Now, I look at our Rochelle, Ill., store, and we've got all of that, except the real high income. It's a town of more like 12,000, and there's a little manufacturing base there, but it doesn’t have near the wealth that we have in this area. What we do have down there is good farm ground in all directions. And we've got interstate 39 going north and south, and I-88 going east and west, and so once again, it's easy to get to, everybody knows where Rochelle is.
Well, then I look at our outliers, at Amboy in Illinois and Juda in Wisconsin, and Amboy, there's some good ground, but it's not as good as around Rochelle. Nobody goes to Amboy for any reason. And Juda, if you happen to be driving between Janesville and Dubuque you'll see us, but otherwise there's not really a whole lot of great reason, and the ground over there's hilly and more of a dairy sector, but that's a tough bunch. They're a hard nut to crack over there.
So, our stores, we really are set up and have two bigs and two smalls. If I was to try to buy another store, I'd rather have a big than a small. And you guys, you hit a home run when you bought Janesville. And I don't why it hadn't been recognized before that, and what took so long, but you guys did a bang-up job.
Frodel: You're right, there's some of the best land in the whole state here and east, and Dane County too, which we have. Some of the best land in the whole state. In our demographic we kind of call it the triangle, where our stores are, Madison, over to Milwaukee, northern Illinois, back over to here, that's the area with some great farmland, yet it's the most populous area too, with more wealth.

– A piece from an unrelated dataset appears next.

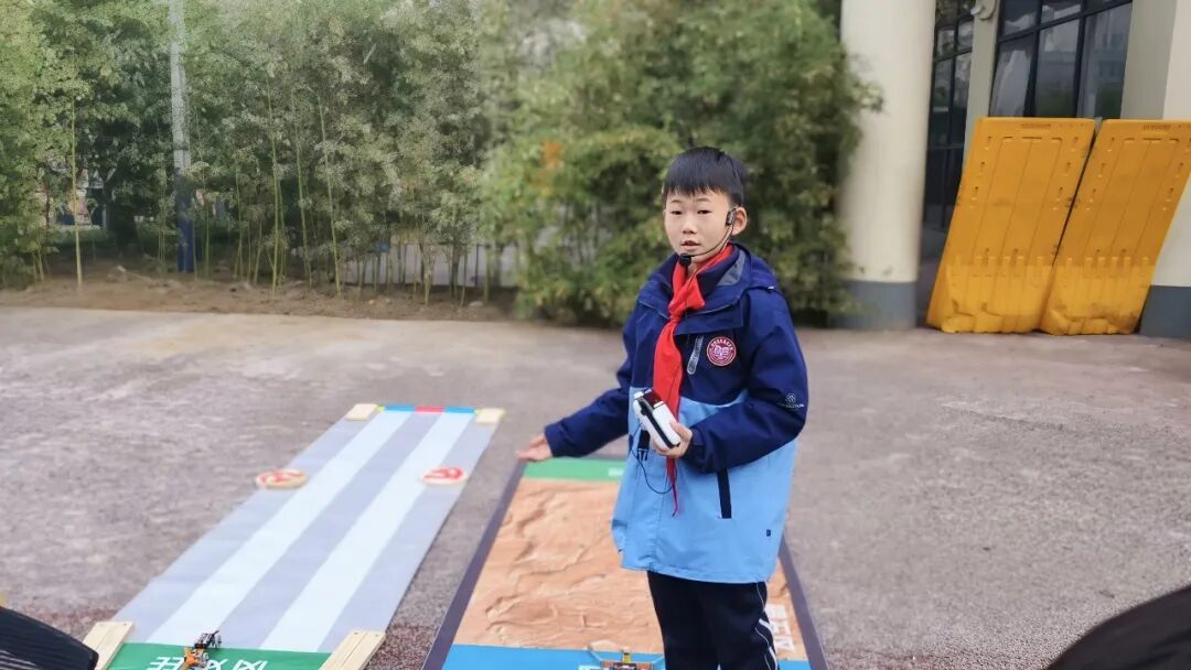 三(5)班张恩禾同学介绍说:“这个是我的参赛车辆——风力小车,终点有不同积分区,中间分最高,小车放在出发区到终点就能获得对应积分。这个是火星收集车,收集车的爪子需要我们自己设计,把中间放的小球推到终点就能得分,小球越多,得分越高。本学期我们代表学校参加了郑州市车辆模型锦标赛,拿了市级比赛的一等奖。”

So, there's a ton of property owners and commercial business, municipal business that we have the opportunity to work with.
Each store is a little different, our demographics are different, which is beneficial. Farming in this area, it's been a little depressed the last couple years. Our industrial sales have been great at some of our other stores, and our large property owner sales have helped sustain things a lot for us.